Mais ces deux crises ne sauraient cacher la faible croissance de l’économie française depuis plus de dix ans et surtout son lourd déficit commercial persistant alors que l’une des priorités constantes des gouvernements qui se sont succédés était de rétablir la compétitivité des entreprises au prix de transferts financiers importants en leur faveur qui ont contribué à l’alourdissement des déficits budgétaires et à une montée sans précédent de la dette publique.

Mais pour y faire face, l’Etat n’a cessé d’imposer des réformes dites structurelles, qui se réduisaient à la sous-indexation des salaires et des retraites, au report de l’âge de départ et des restrictions portant sur les indemnités de chômage et les prestations sociales. Parallèlement on assistait à une dégradation continue de la qualité des services publics alors que leur coût augmentait du fait d’une bureaucratisation croissante.

Pendant ce temps-là, et contrairement aux affirmations des ministres, toujours très fiers de leur action, aucun progrès n’était accompli pour réduire le chômage : il y avait toujours environ trois millions de demandeurs d’emplois n’ayant aucune activité et plus de cinq millions cherchant un meilleur emploi ou un travail à temps plein. Le gouvernement se vantait de faire baisser le taux de chômage, effectivement revenu à 7,5%, mais ce concept statistique est purement théorique et influencé par les évolutions démographiques. Le mécontentement est venu de ces piètres résultats et a été aggravé par la communication gouvernementale qui n’a cessé, contre l’évidence, de dire que tout allait mieux.

Les mouvements d’extrême-droite ont donc été les grands bénéficiaires de ce mécontentement que les forces de gauche, divisées et ayant souvent adopté de positions elles-aussi extrémistes, n’ont pu capter. Au lieu de reconnaître les erreurs passées et d’en tirer les leçons, il a été décidé de dissoudre l’Assemblée Nationale mais le résultat risque fort d’être en ligne avec le scrutin européen, même si le mode d’élections des députés, un scrutin majoritaire à deux tours, est différent. La probabilité d’une majorité, au moins relative, de l’extrême droite est réelle avec la constitution d’un nouveau gouvernement dirigé par un responsable du Rassemblement National.
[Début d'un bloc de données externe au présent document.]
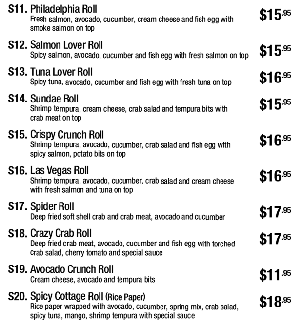 Each special roll comes in 10 pieces

Or les propositions de ce parti pour remédier au mécontentement des Français sont, pour la plupart, en contradiction avec des règles européennes, sur l’immigration, la concurrence, les aides d’Etat et la gestion des finances publique. Elles ne pourront être mises en place qu’au terme de discussions avec Bruxelles, qui ont fort peu de chances d’aboutir. Dans le passé, ce parti avait défendu la thèse d’une sortie de l’euro et même, pour certains de ses membres, de l’Union Européenne mais depuis, il y avait renoncé. Une fois au pouvoir, rien ne permet d’être sûr que cette menace ne sera pas à nouveau brandie pour faire accepter les mesures annoncées. Elle aurait alors, vue la situation financière de la France, de lourdes conséquences.
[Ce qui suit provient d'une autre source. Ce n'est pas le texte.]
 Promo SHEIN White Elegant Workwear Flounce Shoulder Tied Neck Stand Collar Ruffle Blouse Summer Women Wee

La première concerne les taux d’intérêt et la charge de la dette. Un simple doute sur le maintien dans l’euro provoquerait une hausse brutale de l’écart avec le taux allemand qui sert de référence. Quand Standard and Poors avait dégradé la note de la France, il n’y avait eu aucune réaction et le spread pour les emprunts à 10 ans avec l’Allemagne était resté à 48 points de base. Deux jours après l’annonce de la dissolution, l’écart s’est creusé de 14 points. Les tensions  entre un gouvernement d’extrême droite et Bruxelles provoqueraient de nouveaux écarts et déclencheraient un cycle spéculatif peu différent de ce qui s’était produit avec la Grèce en 2012 lors de la crise de l’euro. Il serait nourri par chaque déclaration d’un membre du nouveau gouvernement, interprétée comme hostile à l’Europe. Les conséquences budgétaires seraient alors considérables avec l’alourdissement de la charge de la dette.

La deuxième conséquence concerne les entreprises. Toute incertitude sur l’appartenance de la France à l’Union Européenne qui résulterait de tensions avec Bruxelles nées de l’application du programme du Rassemblement national provoquerait des doutes sur leurs investissements, sur les chaînes d’approvisionnement et donc sur leurs résultats. L’impact sur les marchés d’actions serait immédiat. Les dirigeants seraient obligés de redéfinir leurs stratégies pour s’adapter à ce nouveau contexte. Elles s’étaient organisées depuis des décennies pour profiter d’un vaste marché unique. Elles seraient contraintes soit d’entamer un mouvement de repli puisqu’elles n’y auraient plus accès dans les mêmes conditions que leurs concurrents européens, soit de lancer une vague de délocalisations. Les effets sur l’emploi risquent d’être lourds.

La troisième conséquence serait la fin de la Politique Agricole Commune, avec ses prix garantis pour les producteurs, les subventions et l’accès aux marchés des 26 Etats-membres. La prolifération des normes a affecté les coûts de production et constitué une lourde charge pour les exploitants, ce qui a généré des critiques justifiées. Mais la bonne solution est de convaincre nos partenaires de mettre fin à cette inflation bureaucratique pour retrouver tous les avantages que l’Union a apporté au monde agricole, et non de s’imaginer que l’on pourrait tirer profit en en sortant.

La dissolution l’Assemblée Nationale n’était fondée sur aucune règle constitutionnelle. La politisation excessive du résultat des élections européennes et la décision qui en a été la conséquence avec des élections législatives pouvant conduire à la formation d’un gouvernement anti-européen, risquent d’aboutir à un résultat inverse à ce qui était escompté : au lieu de conforter la place centrale que la France occupe au sein du projet européen, elle placera au mieux le pays en marge des décisions et au pire en situation d’exclusion.